◆ **YOUR ASSIGNMENT**: Nothing outside the stretch is wanted. Repeat exactly the lines of the listing below from the one that contains "2.Letter each child's" through the one that contains "Осветительный прибор создан", both ends included.

◆ **SOURCE MATERIAL**:

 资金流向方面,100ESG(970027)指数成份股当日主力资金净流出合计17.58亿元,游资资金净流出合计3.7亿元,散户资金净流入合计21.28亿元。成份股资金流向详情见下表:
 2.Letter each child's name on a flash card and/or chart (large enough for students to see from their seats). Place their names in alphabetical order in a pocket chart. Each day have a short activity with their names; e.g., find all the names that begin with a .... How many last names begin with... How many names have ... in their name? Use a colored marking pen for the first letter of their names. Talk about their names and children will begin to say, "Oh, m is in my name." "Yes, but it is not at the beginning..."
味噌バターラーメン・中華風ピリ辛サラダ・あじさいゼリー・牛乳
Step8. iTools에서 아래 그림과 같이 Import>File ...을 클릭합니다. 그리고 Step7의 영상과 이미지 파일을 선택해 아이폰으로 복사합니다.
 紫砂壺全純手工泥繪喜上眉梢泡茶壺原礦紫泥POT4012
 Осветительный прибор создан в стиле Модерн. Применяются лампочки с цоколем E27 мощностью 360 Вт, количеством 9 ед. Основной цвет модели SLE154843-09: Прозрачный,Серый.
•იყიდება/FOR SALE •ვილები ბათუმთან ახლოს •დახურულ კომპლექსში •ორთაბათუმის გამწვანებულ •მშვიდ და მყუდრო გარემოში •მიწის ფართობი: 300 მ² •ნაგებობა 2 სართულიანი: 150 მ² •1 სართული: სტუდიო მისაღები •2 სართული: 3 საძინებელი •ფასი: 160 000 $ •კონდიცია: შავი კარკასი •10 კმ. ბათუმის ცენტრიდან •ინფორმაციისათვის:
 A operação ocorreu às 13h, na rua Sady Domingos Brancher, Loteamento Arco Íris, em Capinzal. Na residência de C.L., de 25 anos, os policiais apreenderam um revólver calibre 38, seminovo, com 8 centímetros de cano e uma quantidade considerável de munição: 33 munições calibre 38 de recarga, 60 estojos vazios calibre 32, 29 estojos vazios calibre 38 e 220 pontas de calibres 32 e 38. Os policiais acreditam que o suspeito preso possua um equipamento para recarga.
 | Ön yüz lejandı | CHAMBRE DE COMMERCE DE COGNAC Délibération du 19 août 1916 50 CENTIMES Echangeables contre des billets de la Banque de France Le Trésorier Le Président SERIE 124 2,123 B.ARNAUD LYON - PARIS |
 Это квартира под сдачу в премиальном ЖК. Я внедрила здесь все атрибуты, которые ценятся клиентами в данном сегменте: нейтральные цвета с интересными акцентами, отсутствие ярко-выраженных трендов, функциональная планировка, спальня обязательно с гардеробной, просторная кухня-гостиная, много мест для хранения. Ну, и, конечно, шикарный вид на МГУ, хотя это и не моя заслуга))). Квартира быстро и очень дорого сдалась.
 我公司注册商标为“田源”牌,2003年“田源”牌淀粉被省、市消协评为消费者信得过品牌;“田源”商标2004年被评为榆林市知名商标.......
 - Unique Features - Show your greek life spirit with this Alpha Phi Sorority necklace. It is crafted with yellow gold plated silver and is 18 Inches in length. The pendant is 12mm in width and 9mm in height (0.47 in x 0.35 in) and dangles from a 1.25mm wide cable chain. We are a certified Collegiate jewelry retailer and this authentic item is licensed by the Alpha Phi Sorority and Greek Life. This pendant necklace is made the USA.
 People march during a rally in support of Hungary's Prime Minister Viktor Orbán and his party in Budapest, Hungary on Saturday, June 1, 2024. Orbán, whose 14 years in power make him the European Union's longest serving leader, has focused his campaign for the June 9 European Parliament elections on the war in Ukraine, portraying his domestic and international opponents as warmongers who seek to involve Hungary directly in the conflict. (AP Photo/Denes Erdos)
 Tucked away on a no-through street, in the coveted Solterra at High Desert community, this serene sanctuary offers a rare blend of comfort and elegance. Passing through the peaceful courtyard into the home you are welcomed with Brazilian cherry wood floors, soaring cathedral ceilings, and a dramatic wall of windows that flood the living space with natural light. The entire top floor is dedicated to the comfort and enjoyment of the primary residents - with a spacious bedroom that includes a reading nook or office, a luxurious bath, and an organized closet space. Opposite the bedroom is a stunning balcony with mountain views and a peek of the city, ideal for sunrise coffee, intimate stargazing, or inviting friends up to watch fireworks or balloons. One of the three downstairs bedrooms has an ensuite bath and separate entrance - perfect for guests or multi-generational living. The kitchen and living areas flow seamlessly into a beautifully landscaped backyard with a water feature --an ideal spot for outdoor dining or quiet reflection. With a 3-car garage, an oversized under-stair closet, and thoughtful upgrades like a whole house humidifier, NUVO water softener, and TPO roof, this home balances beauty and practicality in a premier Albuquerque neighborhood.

◆ **RESPONSE BELOW**:
 2.Letter each child's name on a flash card and/or chart (large enough for students to see from their seats). Place their names in alphabetical order in a pocket chart. Each day have a short activity with their names; e.g., find all the names that begin with a .... How many last names begin with... How many names have ... in their name? Use a colored marking pen for the first letter of their names. Talk about their names and children will begin to say, "Oh, m is in my name." "Yes, but it is not at the beginning..."
味噌バターラーメン・中華風ピリ辛サラダ・あじさいゼリー・牛乳
Step8. iTools에서 아래 그림과 같이 Import>File ...을 클릭합니다. 그리고 Step7의 영상과 이미지 파일을 선택해 아이폰으로 복사합니다.
 紫砂壺全純手工泥繪喜上眉梢泡茶壺原礦紫泥POT4012
 Осветительный прибор создан в стиле Модерн. Применяются лампочки с цоколем E27 мощностью 360 Вт, количеством 9 ед. Основной цвет модели SLE154843-09: Прозрачный,Серый.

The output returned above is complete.